In Chinese, usually the title follows the family name. When speaking to (or about) a Chinese person in English, then the title is said before the family name. For example, Liu Xiansheng (Mr. Liu) and Liu Jingli (Manager Liu). Women’s names cannot be distinguished from men’s names. Chinese women use their maiden names even after marriage, but may indicate marital status by using Mrs. , Ms. , Miss, or Madam. Mrs. Wang might be married to Mr. Liu. Chinese form of greeting usually is a brief handshake and should be even gentler by a slight nod.
It shows expression of warmth. Besides that, we should cover the normal handshake with our left hand and lower our eyes slightly it is as a sign of respect. 4. Chinese Taboo Word In ancient China, the Chinese regarded the names of their emperors and elders as taboos. It was forbidden to write the name of an emperor when quoting anything old or composing anything new. To avoid such problems, later emperors were given names with characters invented for them — characters that were utterly useless for any other purpose.

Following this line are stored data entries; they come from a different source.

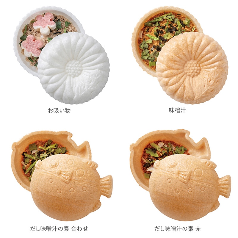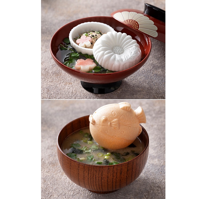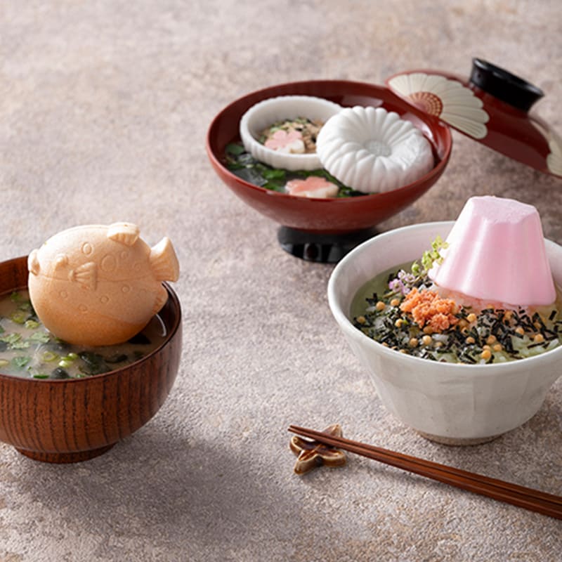 美しく縁起のいい富士山の最中に包まれたお茶漬けと、高貴で気品のある菊紋の最中に包まれたお吸い物とお味噌汁、かわいいフグ型の最中に包まれたお味噌汁の詰め合わせ。手軽で見栄えも楽しく、お子さまからご年配の方まで気軽にお召し上がりいただけます。
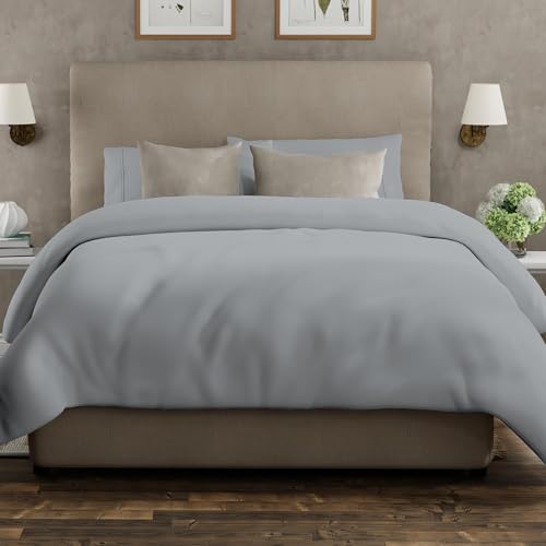 The Cotton Exchange Manchester 100% Cotton Single Duvet Cover Set 135x200 cm, Light Grey, Crisp Percale Quilt Cover with Hidden Button Closure, Cooling Lightweight Single Bedding, Hotel Quality Duvet
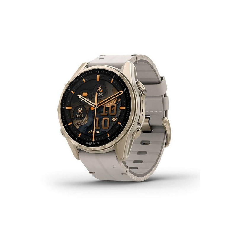 Boîtier : 43 mm, forme ronde, polymère renforcé avec fond titane et lunette titane. Écran : AMOLED tactile 1,3 pouces, résolution 416 × 416 pixels. Bracelet : cuir + silicone (largeur 20 mm), boucle ardillon. Mémoire interne : 32 Go. Autonomie batterie : jusqu’à 10 jours en mode montre, jusqu’à 28 h en mode GPS. Connexions : Bluetooth, Wi-Fi. Résistance à l’eau : 10 ATM (100 m). GPS intégré : GPS multi bande (GPS, GLONASS, Galileo). Fonctions sport et santé : cardio poignet, oxymètre de pouls, suivi activité, sommeil, altimètre, boussole, gyroscope. Fonctions intelligentes : notifications smartphone, musique, fonctions téléphone, contrôle vocal.

Since a Chinese character has different elements, or morphemes, and most Chinese names mean something, there were some ways to avoid tattoo words for ordinary people. For instance, a person can use any word element morpheme of a taboo word as his/her name; replace the taboo word with its synonyms or parasynonyms; use homophones or words with similar pronunciation as substitutes of the taboo word; change the pronunciation of the tattoo word when using it; use characters in similar shapes; add components to the taboo character to create a new one and so on.

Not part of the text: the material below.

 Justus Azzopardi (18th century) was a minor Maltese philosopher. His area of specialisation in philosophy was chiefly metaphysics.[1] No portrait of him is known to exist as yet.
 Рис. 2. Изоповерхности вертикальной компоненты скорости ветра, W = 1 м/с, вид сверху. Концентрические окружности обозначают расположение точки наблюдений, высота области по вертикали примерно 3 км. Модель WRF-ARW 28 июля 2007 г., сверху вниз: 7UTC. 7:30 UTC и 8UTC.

Chinese taboo number Good things come in pairs so odd numbers are avoided for birthdays and weddings. However, to avoid bad things happening in pairs, burials and giving gifts to the ill are not held on even numbered days. Four – the number four (?, sì) sounds like death (?, si) so the number four is avoided particularly on phone numbers, license plates and addresses. While addresses do contains fours, the rent is usually less and apartments on the fourth floor are typically rented by foreigners. 6. Chinese Taboo at work
Shopkeepers may opt not to read a book at work because book (?, shu) sounds like lose (?, shu). Shopkeepers who read may be afraid their businesses will suffer losses When it comes to sweeping, shopkeepers are careful not to sweep toward the door, especially during Chinese New Year, in case good fortune is swept out the front door. 7. Chinese Taboo when peeing The Chinese have often had this abstinence and usually remind their kids to never pee anyplace just they like. This can be a harmful factor to perform because you might inadvertently be peeing on some wandering spirit, or on an nt hill or rabbit hole.
This causes you to inadvertently insult the land spirit dwelling there and its retaliation may cause your genitals to become swollen and pink, trigger you to obtain sick as well as make you suffer undesirable luck. 8. Conclusion Chinese is full with their own uniqueness in term of traditions and culture. Taboos are part of their culture. It is important for them to follow and respect it as it reflects something that they believe for. However, even though superstitions usually defy conventional logic but there always has their own goodness which could benefits its practitioners.